* WHAT YOU WILL DO
A word-for-word copy is needed of the line containing "Nokia Lumai 635, 630" and every line after it through the end of the records below, leaving out all pictures.

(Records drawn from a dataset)
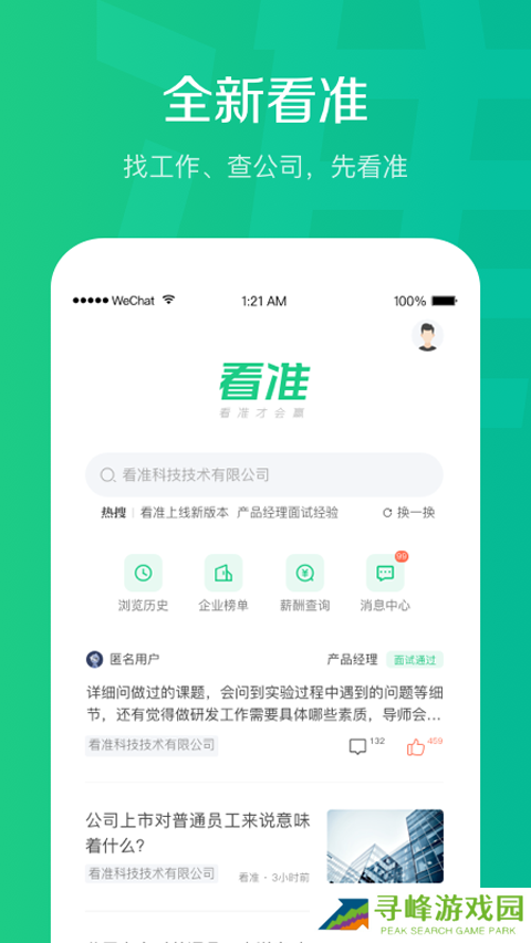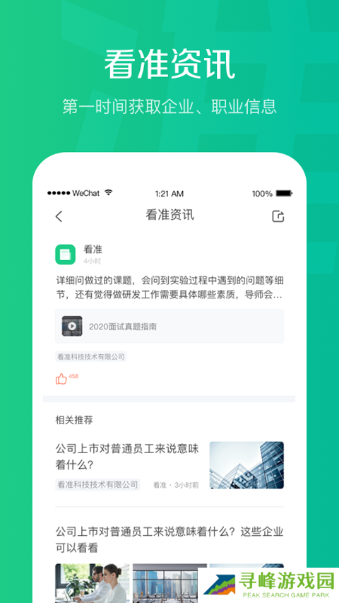 看准网可以帮助全国求职者找到自己心仪的工作,依托深耕于职场的真实数据,力求让每位求职责入对行、跟对人。全国超过220万家公司老鸟在这里分享求职经验,了解最真实的公司内幕,掌握行业最新发展动态,你想知道的职场信息都可以查询。找到心仪的工作可以直接与HR线上沟通,薪资待遇、工作内容都可以询问,加强求职者与人事的沟通。
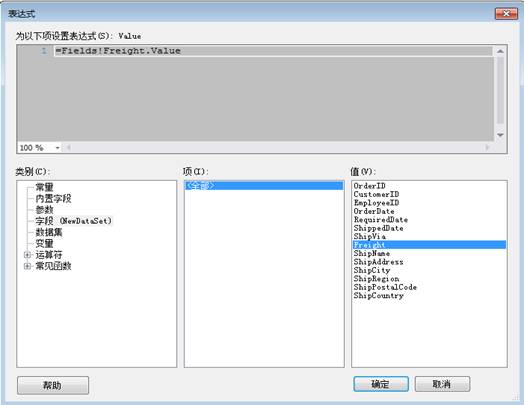 然後在字段(欄位)->全部->Freight雙擊,讓它產生在表達式的設定部分。這樣點擊確定完成修改。
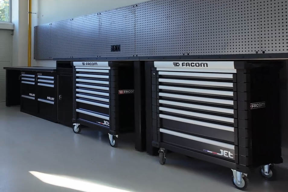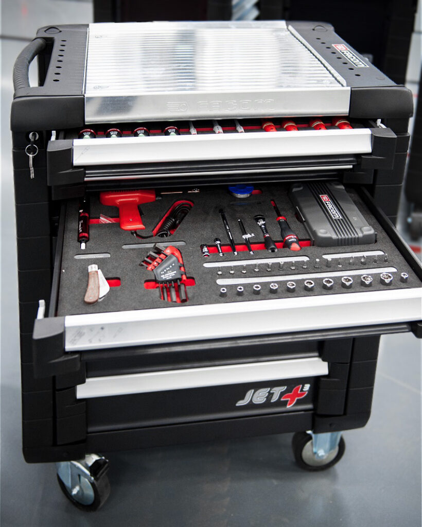 We provide complete workshop setups — workbenches, cabinets, and tool trolleys — including tool-control foam inserts in your chosen color, as well as laser-marked tools with information plates.
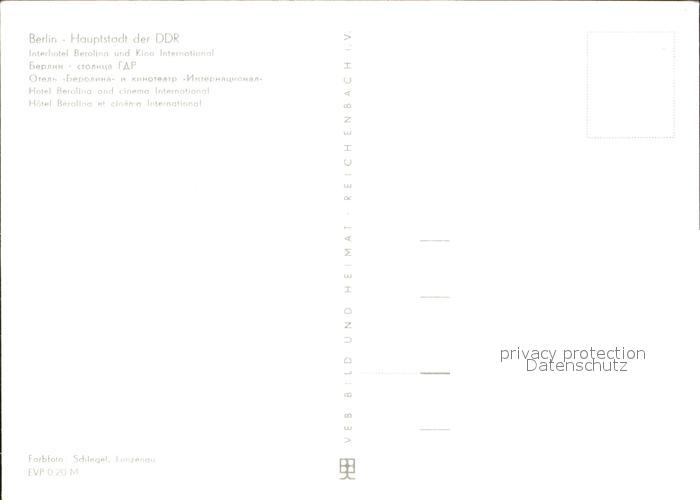 72036479 BERLIN CITY Interhotel Berolina und Kino International postalisch nicht gelaufen Erhaltung siehe scans KatCode: 11110011000000
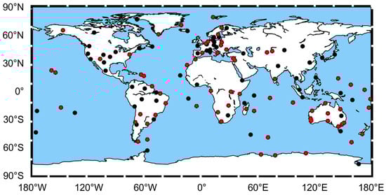 In this contribution, a maximum of 130 globally distributed IGS (International GNSS Service [26]) stations (see Figure 1)) during 2019–2021 are selected for the GCC estimation. To make better alignments of solutions to ITRF, we imposed minimum constraints, including No-Net-Translation (NNT) and No-Net-Rotation (NNR), on the core network of IGS (represented by red stars in Figure 1).
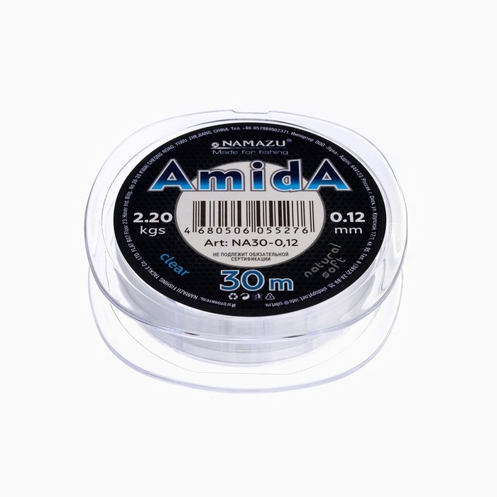 Леска Naмazu Aмida, диаметр 0.12 мм, тест 2.2 кг, 30 м, прозрачная, 1 шт.
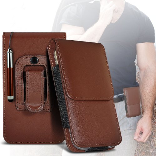 Nokia Lumai 635, 630 Protection housse en simili-cuir étui de ceinture Etui rabattable porte-capot & Mini rétractable Stylet Brown par * Aventus *
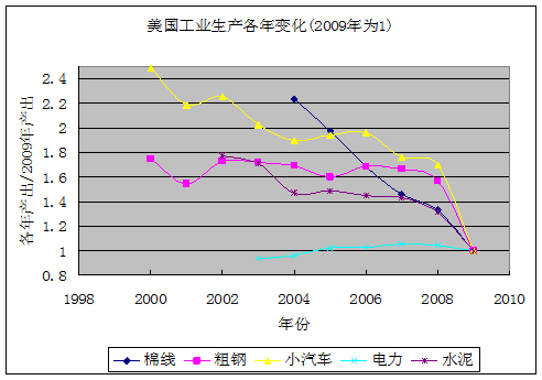 另一方面,美国工业生产年年萎缩,工业消费品大都依赖进口,而工业基础产品的生产也严重不足。如图3所示,以2009年为1,主要产品,除能源工业以外,各种工业生产都是逐渐减少,仅仅经过5-10年,大部分产品生产量都下降了一半左右。2004年棉线生产量是2009年2.24倍,2000年粗钢生产量是2009年1.75倍,2000年小汽车生产量是2009年2.5倍,2002年水泥生产量是2009年1.77倍。不仅仅在危机期间发生生产减少,而是在正常年份就不断减少。只有电力,难以远距离运输,尤其无法越洋运输,只能自己生产消费,与美国居民的终端消费一起增加。
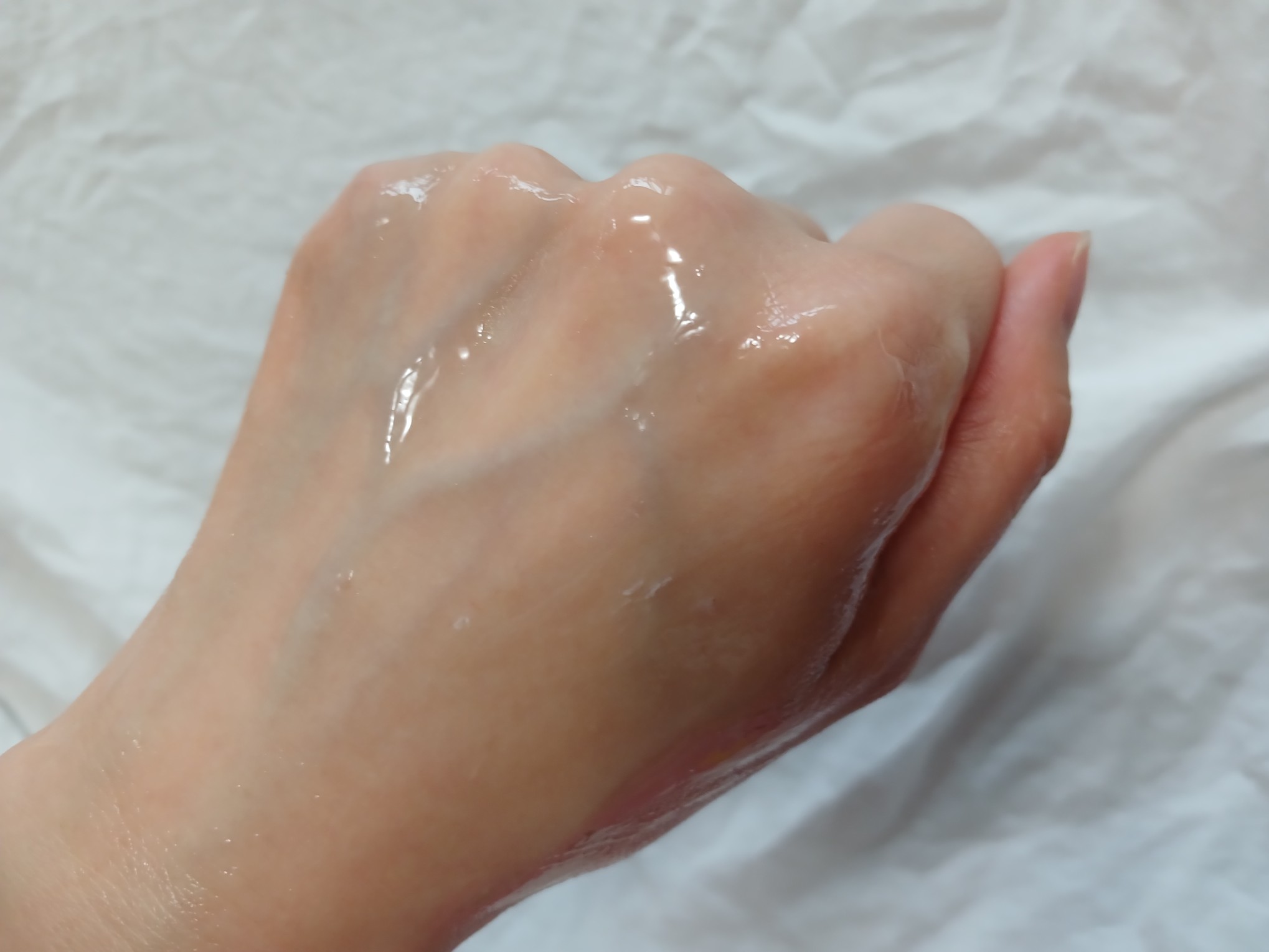 메디큐브 콜라겐 나이트 랩핑 마스크는 투명하고 무향이며 약간 점성이 느껴지는 제형이에요!

* TASK RESULT
 Nokia Lumai 635, 630 Protection housse en simili-cuir étui de ceinture Etui rabattable porte-capot & Mini rétractable Stylet Brown par * Aventus *
 另一方面,美国工业生产年年萎缩,工业消费品大都依赖进口,而工业基础产品的生产也严重不足。如图3所示,以2009年为1,主要产品,除能源工业以外,各种工业生产都是逐渐减少,仅仅经过5-10年,大部分产品生产量都下降了一半左右。2004年棉线生产量是2009年2.24倍,2000年粗钢生产量是2009年1.75倍,2000年小汽车生产量是2009年2.5倍,2002年水泥生产量是2009年1.77倍。不仅仅在危机期间发生生产减少,而是在正常年份就不断减少。只有电力,难以远距离运输,尤其无法越洋运输,只能自己生产消费,与美国居民的终端消费一起增加。
 메디큐브 콜라겐 나이트 랩핑 마스크는 투명하고 무향이며 약간 점성이 느껴지는 제형이에요!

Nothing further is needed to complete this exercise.